A next step is the calculation of the metrics, which are used as general descriptors to enable distinguishing the different LC classes. The PROBA-V UTM ARD++ archive is used as input for this metrics generation step. Instead of using the original reflectance values, more descriptive Vegetation Indices (VI’s) are used (Figure 1). Overall ten VI’s are generated using the four reflectance bands of PROBA-V, in detail: Normalized Difference Vegetation Index (NDVI), Enhanced Vegetation Index (EVI), Structure Intensive Pigment Index (SIPI), Normalized Difference Moister Index (NDMI), Near-Infrared reflectance of vegetation (NIRv), Angle at NIR, HUE, and VALUE of the Hue Saturation Value (HSV) color system transformation, Area Under the Curve (AUC), and Normalized Area Under the Curve (NAUC) (for detailed VI’s definition see ATBD [25]). Since the whole time series stack of the VI’s for an epoch (three years period giving reference year +/- 1 year) would be too many proxies to be used in supervised learning, the time dimension in the data stack was condensed. Temporal descriptors were derived through a harmonic model, fitted through the time steps of each of the VI’s based on a Fourier transformation [30,32]. In addition to the seven parameters of the harmonic model using three frequencies above the zero-frequency, used as metrics for the overall level and seasonality of the time series, 11 descriptive statistics (mean, standard deviation, minimum, maximum, sum, median, 10th percentile, 90th percentile, 10th – 90th percentile range, time step of the first minimum appearance, and time step of the first maximum appearance) and one textural metrics (median variation of center pixel to median of the neighbors) were generated for each VI. Additionally, four external metrics including the height, slope, aspect, and purity derived at 100 m were derived from a Digital Elevation Model (DEM). Overall, 270 metrics were extracted from the PROBA-V UTM ARD++ archive for the 2015 epoch which includes spectral, temporal, and spatial features as suggested by Zhai et al. [18] and Eberenz et al. [19].

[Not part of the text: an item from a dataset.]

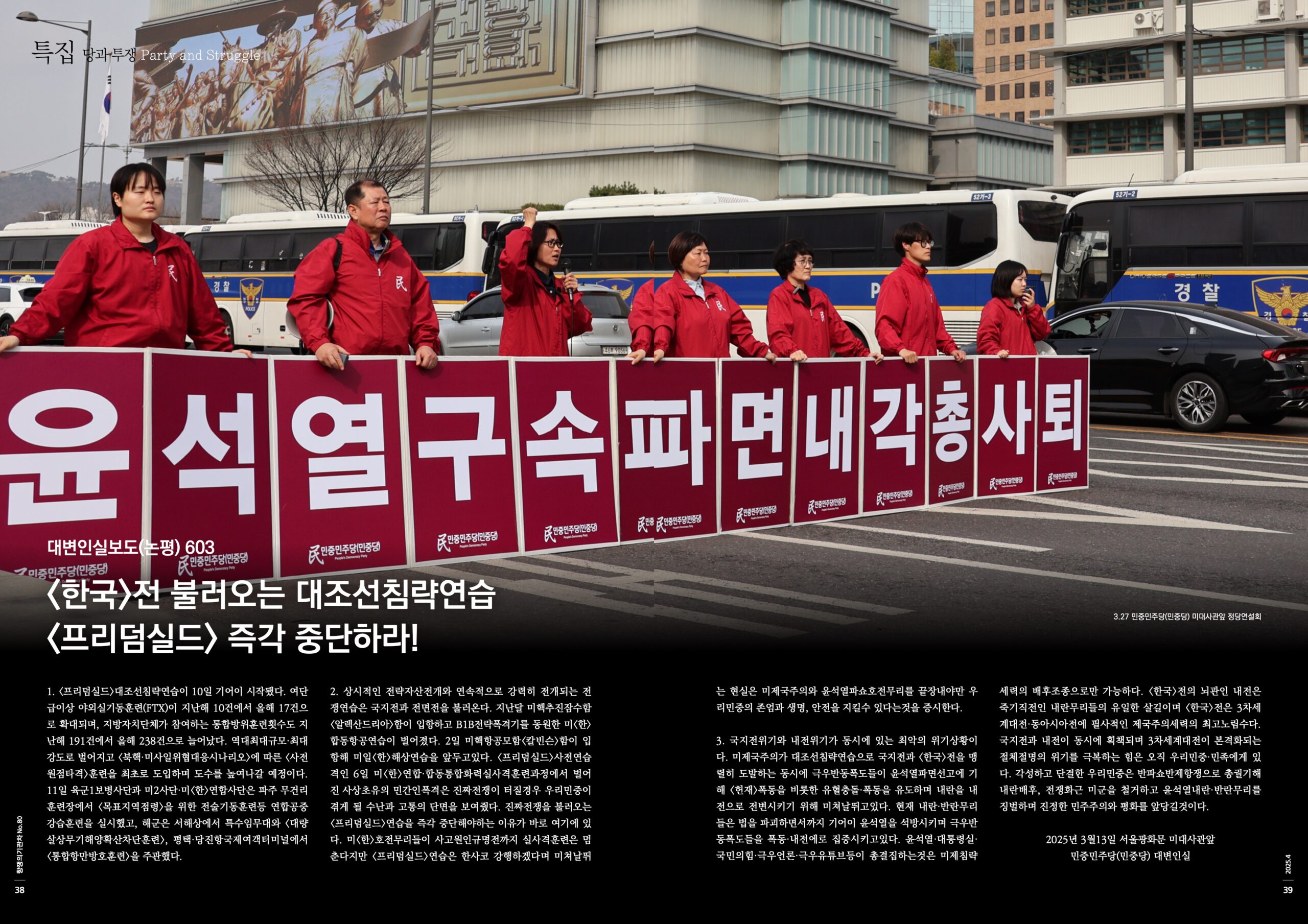 3. 국지전위기와 내전위기가 동시에 있는 최악의 위기상황이다. 미제국주의가 대조선침략연습으로 국지전과 <한국>전을 맹렬히 도발하는 동시에 극우반동폭도들이 윤석열파면선고에 기해 <헌재>폭동을 비롯한 유혈충돌·폭동을 유도하며 내란을 내전으로 전변시키기 위해 미쳐날뛰고있다. 현재 내란·반란무리들은 법을 파괴하면서까지 기어이 윤석열을 석방시키며 극우반동폭도들을 폭동·내전에로 집중시키고있다. 윤석열·대통령실·국민의힘·극우언론·극우유튜브등이 총결집하는것은 미제침략세력의 배후조종으로만 가능하다. <한국>전의 뇌관인 내전은 죽기직전인 내란무리들의 유일한 살길이며 <한국>전은 3차세계대전·동아시아전에 필사적인 제국주의세력의 최고노림수다. 국지전과 내전이 동시에 획책되며 3차세계대전이 본격화되는 절체절명의 위기를 극복하는 힘은 오직 우리민중·민족에게 있다. 각성하고 단결한 우리민중은 반파쇼반제항쟁으로 총궐기해 내란배후, 전쟁화근 미군을 철거하고 윤석열내란·반란무리를 징벌하며 진정한 민주주의와 평화를 앞당길것이다.

In addition to the input EO data, other data sources were needed as well. Prior to using these external ancillary data, they were checked for consistency and if needed, re-warped to the UTM coordinate system, resampled to 100 m, retiled into the Sentinel-2 tiling grid, and post-processed to usable ancillary data products (Figure 1). Since water surfaces and built-up surfaces are not classified in the CGLS-LC100 algorithm but fused in from these ancillary data sets, the most important ancillary dataset in the CGLS-LC100 processing line is JRC’s Global Surface Water dataset [35] and DLR’s World Settlement Footprint (WSF) [36].

Training data has been collected through the Geo-Wiki engagement platform by a group of 20 experts trained by IIASA staff [37]. Note that the training data collection is not through the use of volunteer efforts but instead by a group of highly trained experts involved in the data collection. Therefore, a specific branch of Geo-Wiki, which is only accessible to the experts, has been consolidated for collecting training data at the required resolution and grid. The training data was collected via a 10x10 grid at 10 m spatial resolution through manual classification using Google Maps and Microsoft Bing images. Consequently, the training data not only includes the land cover type, but also the cover fractions of the main LC classes per 100 m resolution cell. Such fractions can be easily translated into different legends. Here, we used LC definitions as suggested by the United Nations (UN) Land Cover Classification System (LCCS) [38]. Overall, 141,000 unique 100x100 m training locations were used in the CGLS-LC100 Collection 2 workflow (see Figure 2 for the geographical distribution of the training data).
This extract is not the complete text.